I think the real problem is with the over-simplistic design of operator overloading and promotion. There are some situations where floats should silently promote to doubles, others where doubles should silently demote to floats, and others where the compiler should demand an explicit conversion. A good language should squawk in cases where there is genuine ambiguity about what a programmer most likely meant. Since code should include sufficient casts to ensure that a code reviewer would have no reason to doubt that the programmer meant what he wrote, I would suggest that language designers should base their type-conversion rules on that principle. Unfortunately, many languages like Java and C# fall flat.
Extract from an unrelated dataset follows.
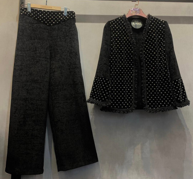 ست کت شلوار مخمل نگین دوزی نرمین، دارای دوسایز مناسب تا سایز ۴۸ می باشد. نگین های به کار رفته همه بصورت دوخت بود و تورهای ظریفی که لبه های لباس استفاده شده ظاهر به روز و مدرنی ایجاد کرده است. دوخت کار کاملا مزونی و تنخور عالی می باشد.

A programmer might write “float1 == double1” when genuinely intending “(double)float1 == double1”, which is how compilers would interpret it. It’s also plausible that a programmer might accidentally write that when what was intended was “float1 == (float)double1”. I’d regard both of those as sufficiently plausible that good programmers should include casts *in both cases*, so as to make clear to code reviewers that they are aware of how the comparison is performed, and if I were designing a language, I’d forbid the version without a cast. More generally, I’d allow parameters to functions to indicate whether they should allow or disallow explicit casts, since there are situations where double-to-float should be accepted silently (e.g. coordinates given to graphics functions) and others which should not (e.g. inputs to serialization or comparison functions). There are likewise situations where float-to-double should be accepted silently (inputs to most math functions), and others where they should not (inputs to comparison functions). Rather than having a broad rule “float-to-double is allowed implicitly; double-to-float isn’t” it would be more helpful to allow more case-by-case determinations.